2004 UT 37, 94 P.3d 234, 499 Utah Adv. Rep. 8, 2004 Utah LEXIS 66, 2004 WL 943432
CourtUtah Supreme Court
DecidedMay 4, 2004
Docket20020020
StatusPublished
Cited by26 cases

This text of 2004 UT 37 (Board of Education of Jordan Sch. District v. Sandy City Corp.) is published on Counsel Stack Legal Research, covering Utah Supreme Court primary law. Counsel Stack provides free access to over 12 million legal documents including statutes, case law, regulations, and constitutions.

Bluebook
Board of Education of Jordan Sch. District v. Sandy City Corp., 2004 UT 37, 94 P.3d 234, 499 Utah Adv. Rep. 8, 2004 Utah LEXIS 66, 2004 WL 943432 (Utah 2004).

Opinion

PARRISH, Justice:

¶ 1 In this appeal, we decide whether section 10-9-106 of the Utah Code precludes a municipality from charging school districts a monthly storm sewer drainage fee. The Jordan School District appeals from an order of the district court granting summary judgment in favor of Sandy City on this issue. We affirm the district court’s decision.

FACTUAL BACKGROUND

¶ 2 In 1999, the Sandy City Council adopted Ordinance No. 99-16, establishing a storm sewer drainage utility. The ordinance was adopted pursuant to the city’s general welfare powers under Utah Code section 10-8-84 (1999). The purposes and objectives of the ordinance, as listed therein, are to (1) “[pjrovide and maintain an adequate storm sewer drainage system for handling storm water runoff’; (2) “[pjrovide fair, equitable and non-discriminatory rates for using the storm sewer drainage system which user fees will generate sufficient revenues for operating, improving, and maintaining the storm sewer drainage utility adequately”; (3) establish a policy that fees should be set after the consideration of specific factors; and (4) establish standards and guidelines for the discharge of storm water which comply with requirements of the federal Clean Water Act.

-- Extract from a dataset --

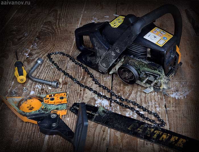 Бензопилу нужно регулярно чистить. После очередного использования, бензопила засоряется намного сильнее, чем любой другой инструмент. Опилки вместе с древесной пылью замешанные на масле для цепей – создают смесь, которую не так просто очистить. Сделать это, частично не разобрав пилу, проблематично. Оставшийся бензин лучше слить. А если после чистки долгое время не планируете пользоваться пилой, то следует её снова завести и на холостых оборотах дать выработаться бензину, оставшемуся в карбюраторе. Так мотор будет лучше сохранятся. Затем выключить пилу и отвинтив две гайки снять защитную крышку (с блокиратором цепи). После этого легко снимается шина и цепь (цепь ставится таким образом, чтобы режущие звенья находились по ходу её движения, если вы с этим не слишком хорошо знакомы, запомните, как это должно выглядеть). Для грубой чистки удобна проволока или тонкая отвертка лопаткой. Так удобнее сковыривать большие наслоения грязи. Затем чистка продолжается кисточкой с сравнительно жесткой

*236 ¶3 The ordinance specifies a method for calculating user rates based largely on the amount of impervious surface on a piece of real property. Monthly fees are collected and managed separately from other city funds. The ordinance provides for a reduction of the monthly fee for non-residential properties having on-site storm water collection facilities approved by the city. In addition, the ordinance establishes an appeals process for non-residential property owners who wish to contest the monthly billing amount assigned to their properties.

¶ 4 Jordan School District (“Jordan”) operates a high school and numerous middle and elementary schools within the boundaries of Sandy City. Shortly after the city’s adoption of the storm sewer drainage utility ordinance, Jordan filed a declaratory judgment action challenging the city’s authority to charge a school district the monthly fees.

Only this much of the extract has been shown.